In June 2016 the EU adopted the Anti-Tax Avoidance Directive (ATAD). The Directive contains five legally-binding anti-abuse measures, which all EU Member States are required to implement against common forms of aggressive tax planning. In Finance Act 2018 the Government introduced legislation in respect of two areas set out below:
i. Controlled Foreign Company (CFC) Rules
CFC rules are an anti-abuse measure to prevent diversion of profits to low/no tax jurisdictions. Such provisions are already a common feature of the tax systems of other tax jurisdictions, including many EU territories. Therefore by adopting these provisions Ireland is not moving unilaterally but is really playing catch up with other jurisdictions.
The legislation targets Irish companies that control foreign companies in low/no tax jurisdictions. The objective of the legislation is to change behavior, as opposed to being revenue generating. Where the CFC rules apply then the undistributed income of the CFC is attributed to the parent company (or associated company of the parent) and taxed at Irish corporation tax rates, being 12.5% where the profits of the CFC have been generated through trading and 25% otherwise.
The legislation includes a number of exemptions from the CFC provisions. In particular the provisions only apply where the profits of the foreign controlled company are taxed at a rate that is less than 50% of the rate that would apply if the profits were earned by the Irish company. As the Irish rate of corporate tax on trading income is one of the lowest internationally, the provisions will really be of most concern where the foreign controlled entities are located in no tax/haven jurisdictions.
ii. Exit charge on company migration
An exit charge is a charge that arises where a company “migrates” its tax residence from one jurisdiction to another jurisdiction. Where the charge arises, the company migrating its tax residence is deemed to make a disposal of all of its chargeable assets and to reacquire them at market value. The gain arising is then subject to tax.
Whilst Ireland has had an exit charge for many years, due to a number of exceptions within the legislation, it was relatively easy to migrate residence without triggering a tax charge. Following on from the ATAD, the legislation that was in place before Finance Act 2018 has now been replaced in full, with the effect that the exceptions that previously applied are no longer available.
The legislation targets assets leaving the Irish tax net by virtue of the migration i.e. generally no exit charge arises in respect of specified assets such as Irish land, which continue to remain within the charge to Irish tax. Where the charge arises the deemed gain is subject to tax at a rate of 12.5%, whereas under the previous Irish legislation a tax rate of 33% applied. There is however, specific anti-avoidance legislation that reinstates the 33% where the migration forms part of a “transaction” to dispose of the asset and the purpose of the migration is to avail of the lower 12.5% rate as opposed to the 33% rate that would apply on a straight disposal. Where the corporate residence is migrated to another EU/EEA jurisdiction it is possible to opt to defer payment of the tax over 6 equal instalments at yearly intervals.
On the flipside, the legislation provides that where an asset is transferred into Ireland and an exit tax arises in another EU State (i.e. a migration of corporate tax residence into Ireland), then the valuation of the asset used for the purpose of exit tax imposed by that other EU State shall be taken to be the acquisition cost of that asset for the purpose of Irish capital gains tax (provided that value reflects the asset’s market value).
The legislation is effective from 10 October 2018 (the date of Budget 2018).

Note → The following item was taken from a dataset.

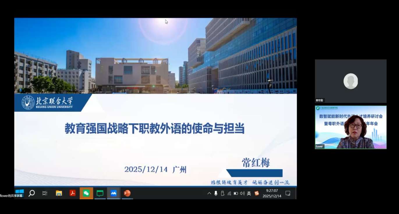 12月14日,由粤职外语教指委主办、我校承办的数智赋能新时代外语人才培养研讨会暨粤职外语教指委2025年年会在我校五山校区举行。会议聚焦教育强国战略下职教外语的使命担当,围绕智能技术与外语教学融合、产教协同育人等关键议题展开深入研讨,为广东省职业学校外语教育高质量发展搭建了交流合作的高端平台。学校副校长袁洪教授、粤职外语教指委委员、全省各职业院校外语院系负责人、行业企业专家及骨干教师等近180人参加会议。
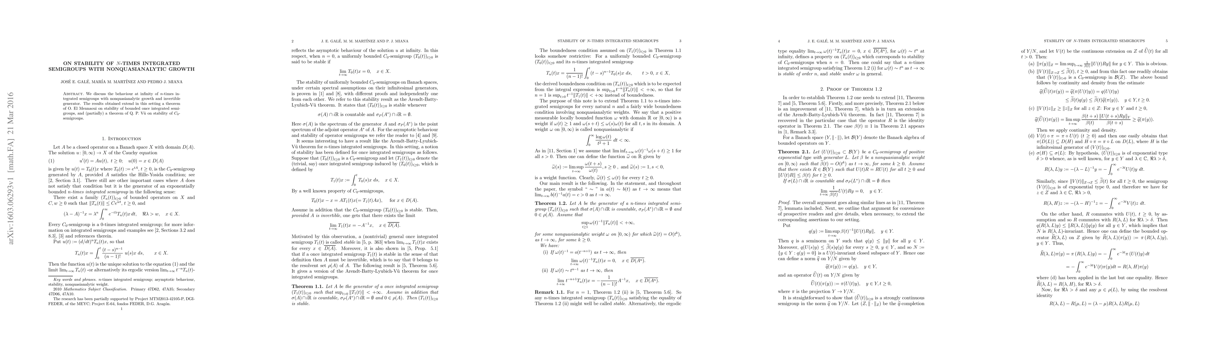 We discuss the behaviour at infinity of $n$-times integrated semigroups with nonquasianalytic growth and invertible generator. The results obtained extend in this setting a theorem of O. El Mennaoui on stability of bounded once integrated semigroups, and (partially) a theorem of Q. P. V$\tilde{\rm u}$ on stability of $C_0$-semigroups.

Revenue or capital gain –Recent developments
Revenue grabbed headlines towards the end of 2018 by issuing a notice of assessment on Perrigo, a large pharmaceutical company, demanding c. €1.6 billion in corporation tax. This is understood to be the second largest assessment issued in Irish history, after the assessment issued to Apple at the behest of the European Commission. The tax payment demand revolves around the sale of intellectual property for the Multiple Sclerosis drug Tysabri by Elan in 2013. Elan was acquired bought by Perrigo in late 2013.
Elan had treated the revenue from the sale of the drug as trading income and thus liable to tax at 12.5% on the basis that it formed part of its trade. As Elan at the time had trade losses carried forward from prior years it used these to offset the profit on disposal and so didn’t pay any tax. However, Revenue took the view that the sale should not have been treated as a trading in nature and instead should have been treated as a capital disposal and liable to tax at 33% rate. Perrigo have appealed the decision and so it will now go to the Tax Appeals Commission to consider and adjudicate.
It is worth pointing out that the Government is actively marketing Ireland is an attractive jurisdiction globally for the location and exploitation of intellectual property. The outcome of this case could therefore have quite far reaching implications for Ireland’s attractiveness as a location for holding and exploiting IP. We will keep you updated as to how the case develops.